The current crisis of Iran blocking the Strait of Hormuz[5] for the US, Israel and connected entities, together with the destruction of energy sources, has far-reaching global implications. It has caused sharp price spikes, supply chain bottlenecks, and inflationary pressure around the world. For India, the impact is especially serious because of its heavy reliance on oil imports from the Gulf. Such shocks strain strategic petroleum reserves, raise fiscal pressure, and make it urgent to diversify supply routes. Beyond the economic fallout, they also require greater naval deployments for escort missions and stronger maritime surveillance, pulling India more deeply into crisis management in the western Indian Ocean. A similar effect can be expected whenever the Houthis block Bab el-Mandeb, as they did in 2025.

Map illustrating major sea routes and choke points in the Indian Ocean, including the Suez Canal, Bab-el-Mandeb, Strait of Malacca, and key coastal states linked to the Indian Ocean.

A disruption in Hormuz could just as easily occur at another vital chokepoint, such as the Strait of Malacca. This would not only deepen China’s long-standing “Malacca dilemma” but also underline the strategic importance of Southeast Asian straits for all major powers. Alternative routes like Lombok and Sunda may become more important in such a scenario, but their limited capacity also reveals how fragile these backup options really are.

In a Hormuz-linked crisis, the Strait of Malacca[6] becomes even more significant for India. That means India would need to adopt a more proactive maritime posture through stronger domain awareness, regular presence operations, and closer coordination with regional partners. More broadly, the crisis shows why India must treat its western and eastern maritime theatres as connected rather than separate, so that trouble in one chokepoint does not create weakness in another. Energy chokepoints are no longer isolated geographic bottlenecks; they are linked strategic pressure points that demand advance planning and coordinated maritime strategy.

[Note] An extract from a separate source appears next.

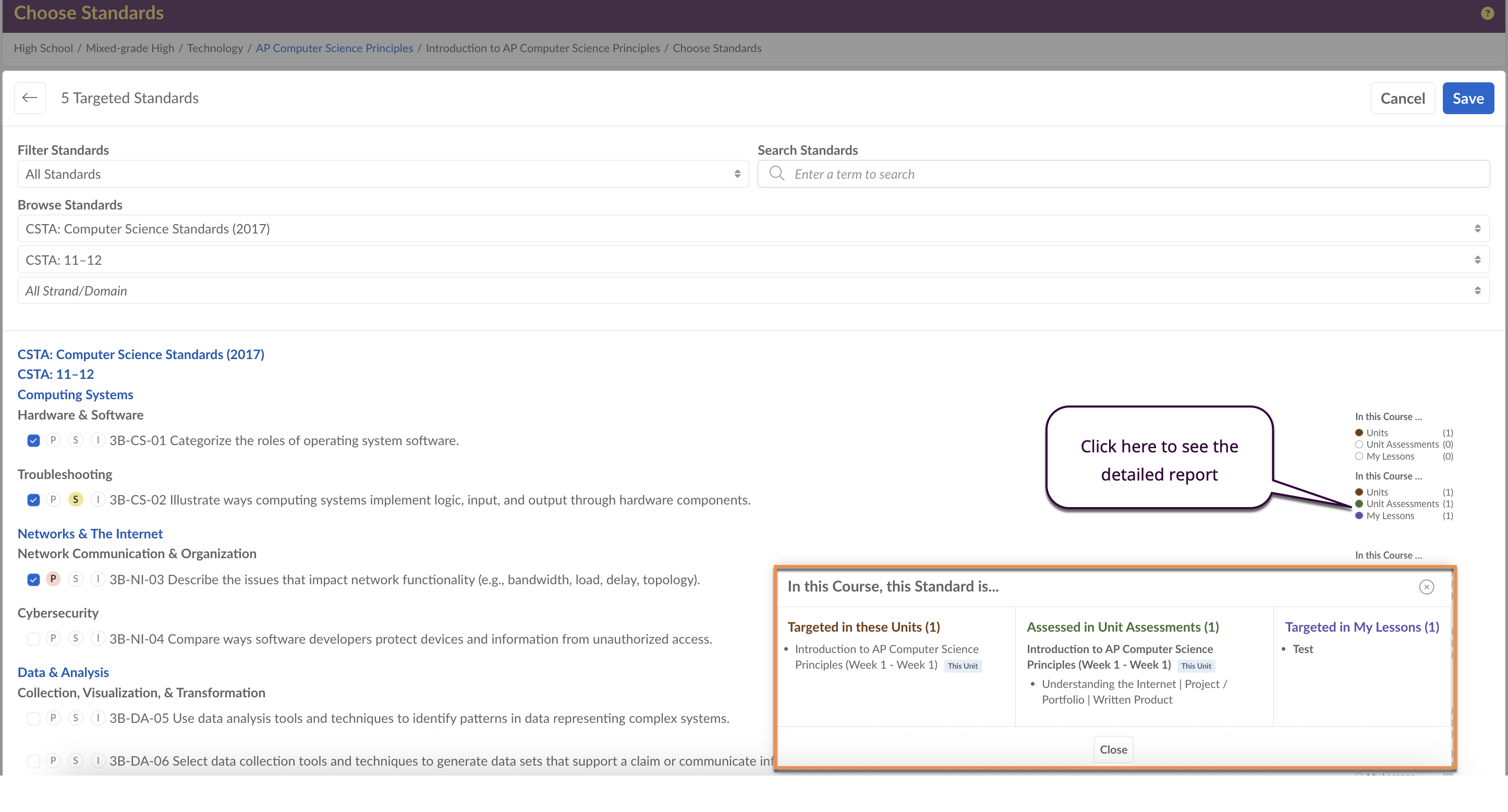 By clicking the Choose Standards button, you can specify the Subject, Grade, and Strand you desire. On the right side of the screen, you will notice an in-line report. When you mark a standard as targeted, the system will keep track of how many times that particular standard has been targeted within the course, across Units, Assessments, and Lessons.

A positive lesson which emerges out of the Strait of Hormuz crisis is that the way Iran has used maritime geography as a force multiplier in retaliating to the aggression of a powerful adversary, the United States, India can also leverage the Malacca Strait to its strategic advantage, if faced with a similar adverse combat situation.

5. Relevance of Multilateral Cooperation to Address Threats in IOR

Given the escalating maritime risks, multilateral cooperation in the IOR has grown in recent years. These procedures offer forums for collaboration and show a shared commitment to a rules-based order. Additionally, they facilitate the development of smaller states’ capacities, which strengthens regional resilience. The following paragraphs discuss a few of these organisations and activities.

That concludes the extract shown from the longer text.